# [Data]
----
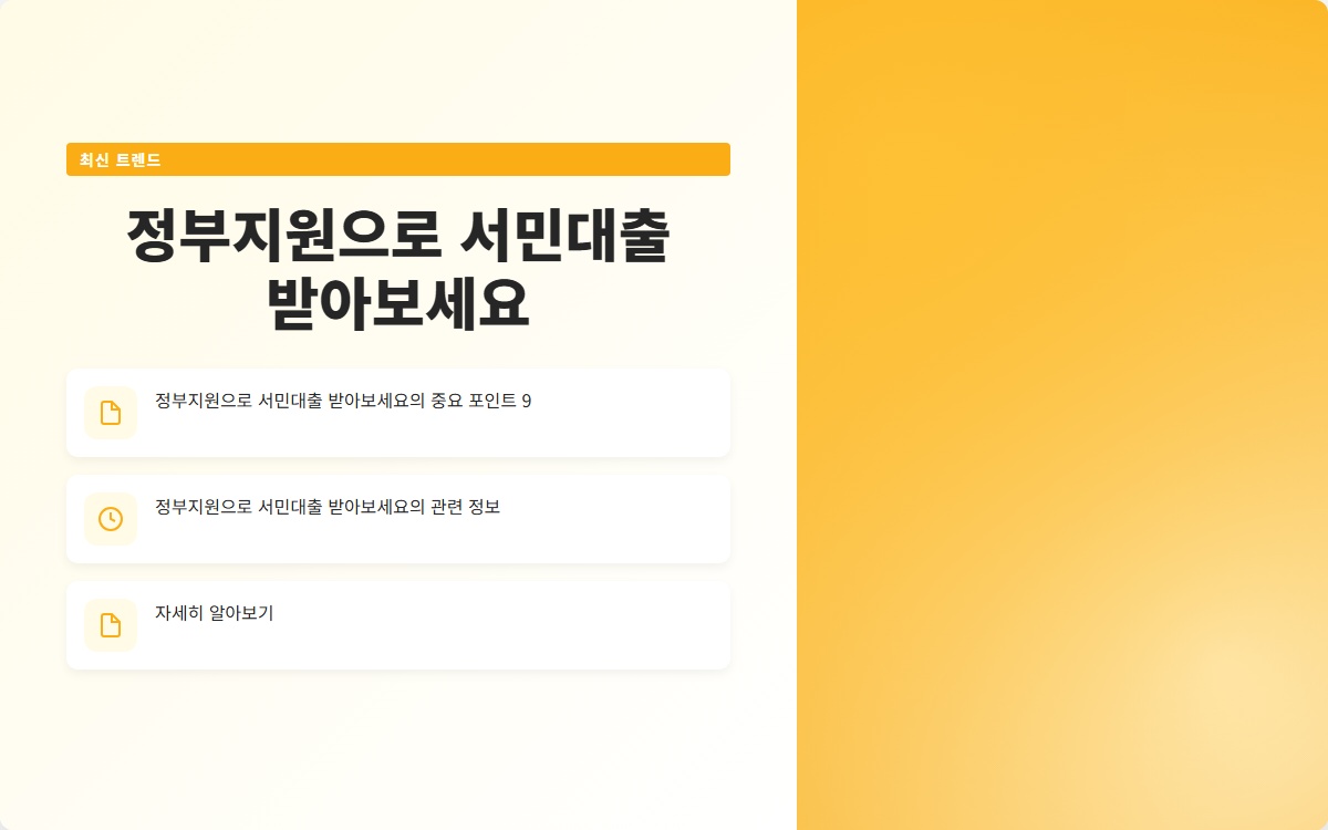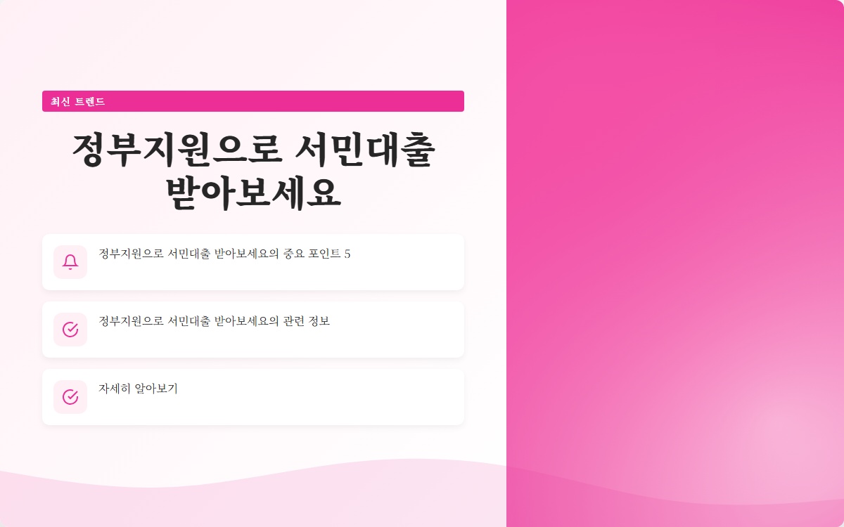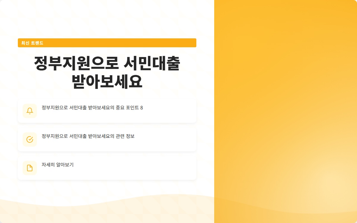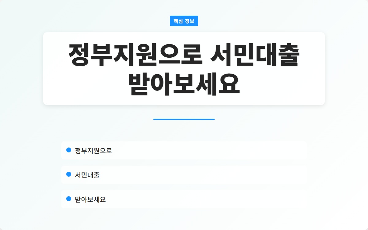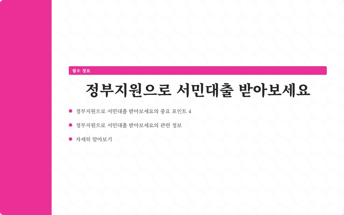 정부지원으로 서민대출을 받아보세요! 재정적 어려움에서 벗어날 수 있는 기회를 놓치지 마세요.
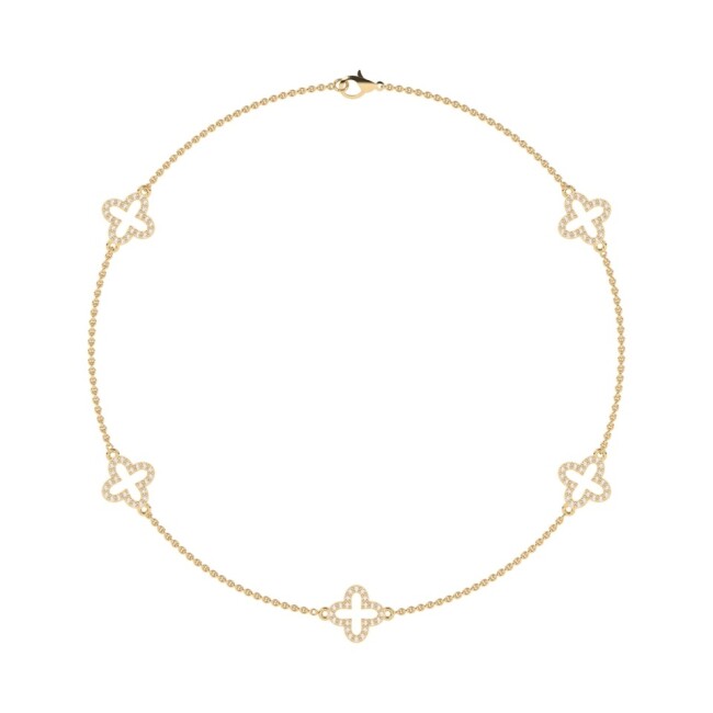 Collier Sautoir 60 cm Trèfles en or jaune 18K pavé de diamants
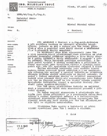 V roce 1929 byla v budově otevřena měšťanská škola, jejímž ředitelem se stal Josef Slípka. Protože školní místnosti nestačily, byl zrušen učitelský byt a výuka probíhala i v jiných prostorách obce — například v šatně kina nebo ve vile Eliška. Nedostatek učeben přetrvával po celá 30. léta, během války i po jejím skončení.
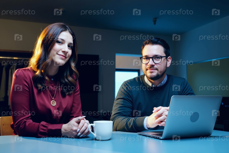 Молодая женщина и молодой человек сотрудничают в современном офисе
----
# [Task]
Only the lines from the one containing "V roce 1929" through the last line of the data may appear in the answer, each given again exactly and with pictures left out.

# [Finished task]
 V roce 1929 byla v budově otevřena měšťanská škola, jejímž ředitelem se stal Josef Slípka. Protože školní místnosti nestačily, byl zrušen učitelský byt a výuka probíhala i v jiných prostorách obce — například v šatně kina nebo ve vile Eliška. Nedostatek učeben přetrvával po celá 30. léta, během války i po jejím skončení.
 Молодая женщина и молодой человек сотрудничают в современном офисе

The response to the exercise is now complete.